Dataset section:
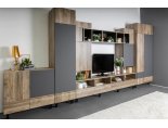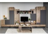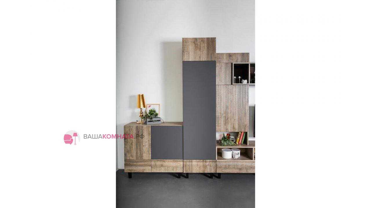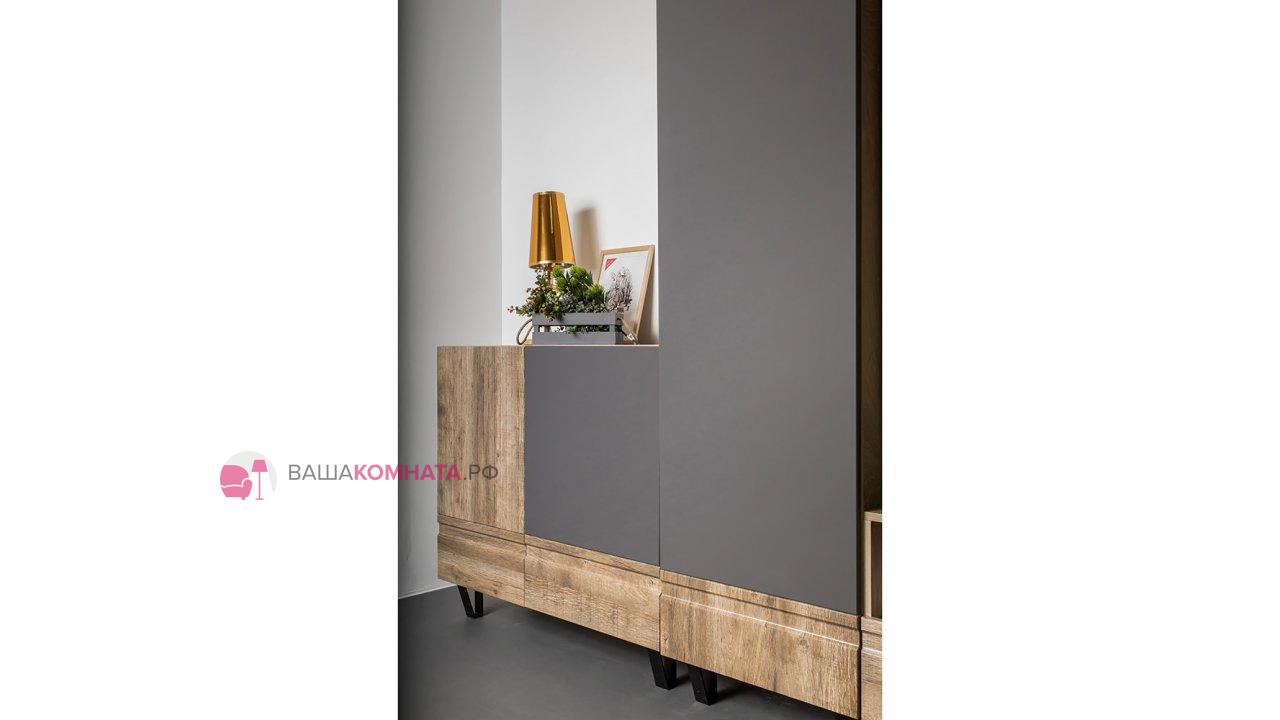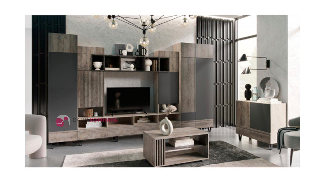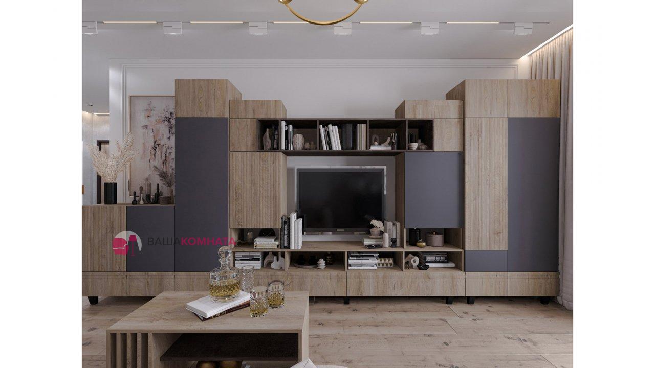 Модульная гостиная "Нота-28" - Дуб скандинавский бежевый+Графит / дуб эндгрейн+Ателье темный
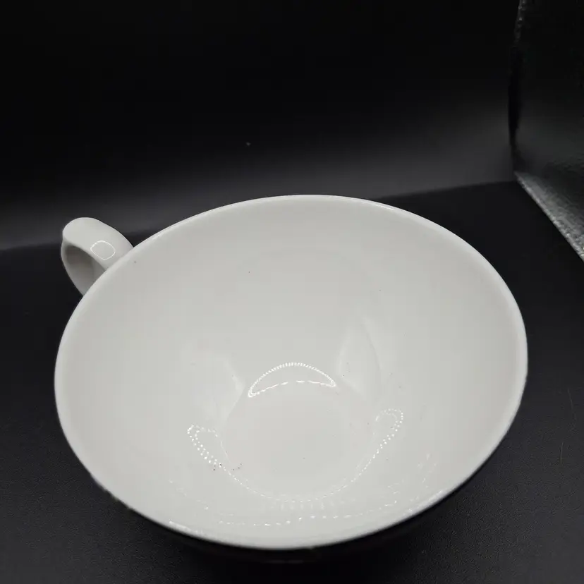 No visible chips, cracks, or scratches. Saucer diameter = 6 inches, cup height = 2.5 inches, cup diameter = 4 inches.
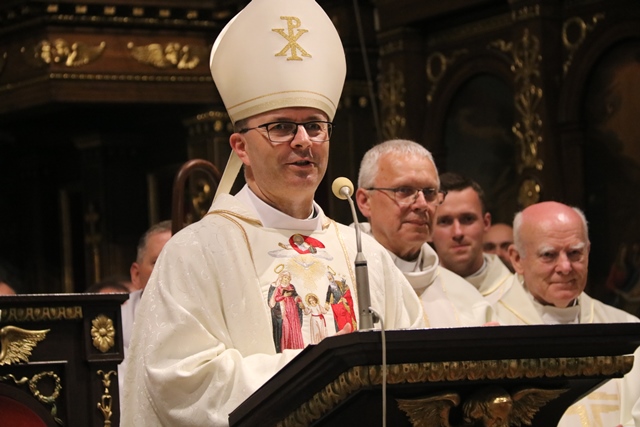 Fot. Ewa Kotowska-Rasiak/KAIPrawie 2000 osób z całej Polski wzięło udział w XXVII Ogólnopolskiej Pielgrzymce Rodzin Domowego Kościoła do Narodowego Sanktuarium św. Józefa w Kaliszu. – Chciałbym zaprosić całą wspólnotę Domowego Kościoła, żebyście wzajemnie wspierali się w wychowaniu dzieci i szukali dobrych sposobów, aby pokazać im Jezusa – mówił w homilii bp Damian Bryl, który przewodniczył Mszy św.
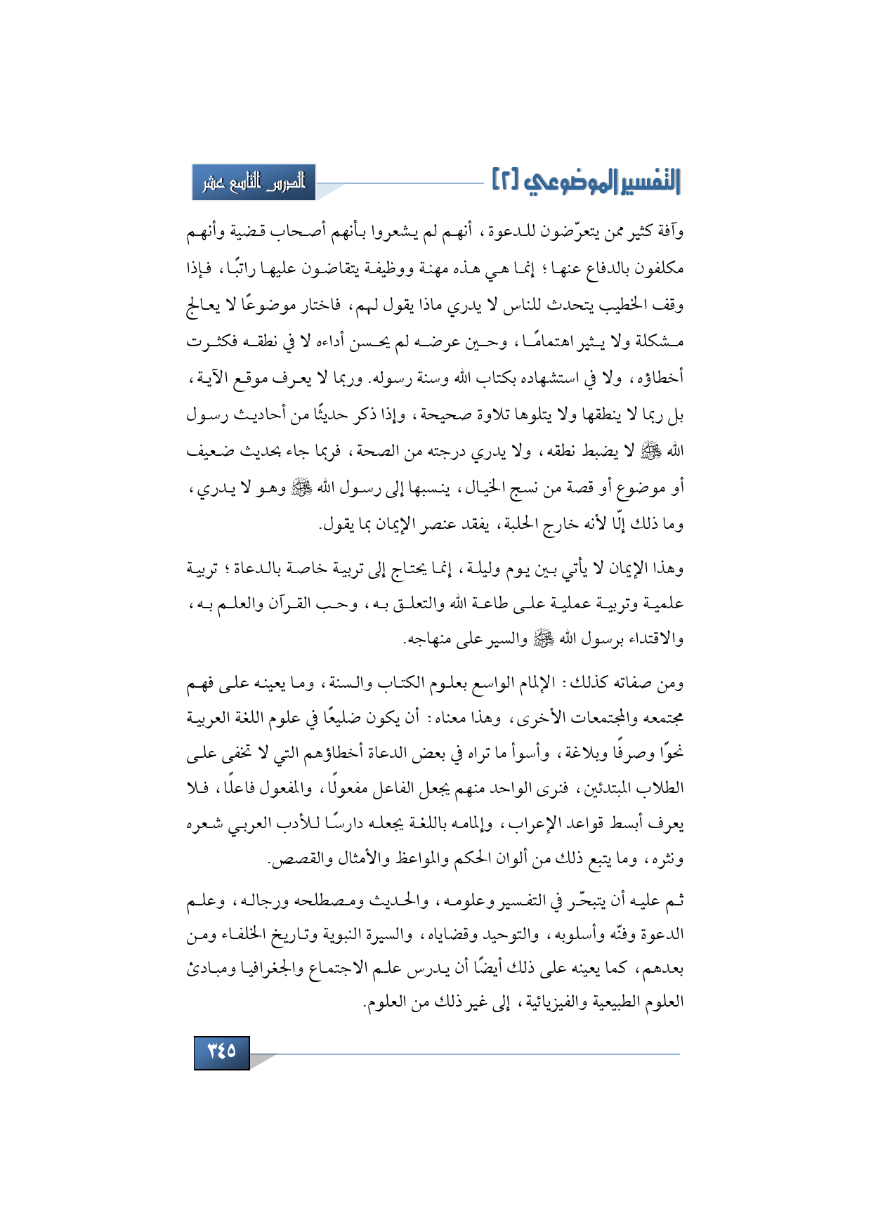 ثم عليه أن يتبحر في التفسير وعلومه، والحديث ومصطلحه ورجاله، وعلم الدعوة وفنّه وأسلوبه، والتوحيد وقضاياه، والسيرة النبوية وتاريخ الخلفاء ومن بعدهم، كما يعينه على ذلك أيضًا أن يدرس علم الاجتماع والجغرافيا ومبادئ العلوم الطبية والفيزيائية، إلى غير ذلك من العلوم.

Try it: When repeating the material above, keep every line exact and drop all pictures.

Written response:
 Модульная гостиная "Нота-28" - Дуб скандинавский бежевый+Графит / дуб эндгрейн+Ателье темный
 No visible chips, cracks, or scratches. Saucer diameter = 6 inches, cup height = 2.5 inches, cup diameter = 4 inches.
 Fot. Ewa Kotowska-Rasiak/KAIPrawie 2000 osób z całej Polski wzięło udział w XXVII Ogólnopolskiej Pielgrzymce Rodzin Domowego Kościoła do Narodowego Sanktuarium św. Józefa w Kaliszu. – Chciałbym zaprosić całą wspólnotę Domowego Kościoła, żebyście wzajemnie wspierali się w wychowaniu dzieci i szukali dobrych sposobów, aby pokazać im Jezusa – mówił w homilii bp Damian Bryl, który przewodniczył Mszy św.
 ثم عليه أن يتبحر في التفسير وعلومه، والحديث ومصطلحه ورجاله، وعلم الدعوة وفنّه وأسلوبه، والتوحيد وقضاياه، والسيرة النبوية وتاريخ الخلفاء ومن بعدهم، كما يعينه على ذلك أيضًا أن يدرس علم الاجتماع والجغرافيا ومبادئ العلوم الطبية والفيزيائية، إلى غير ذلك من العلوم.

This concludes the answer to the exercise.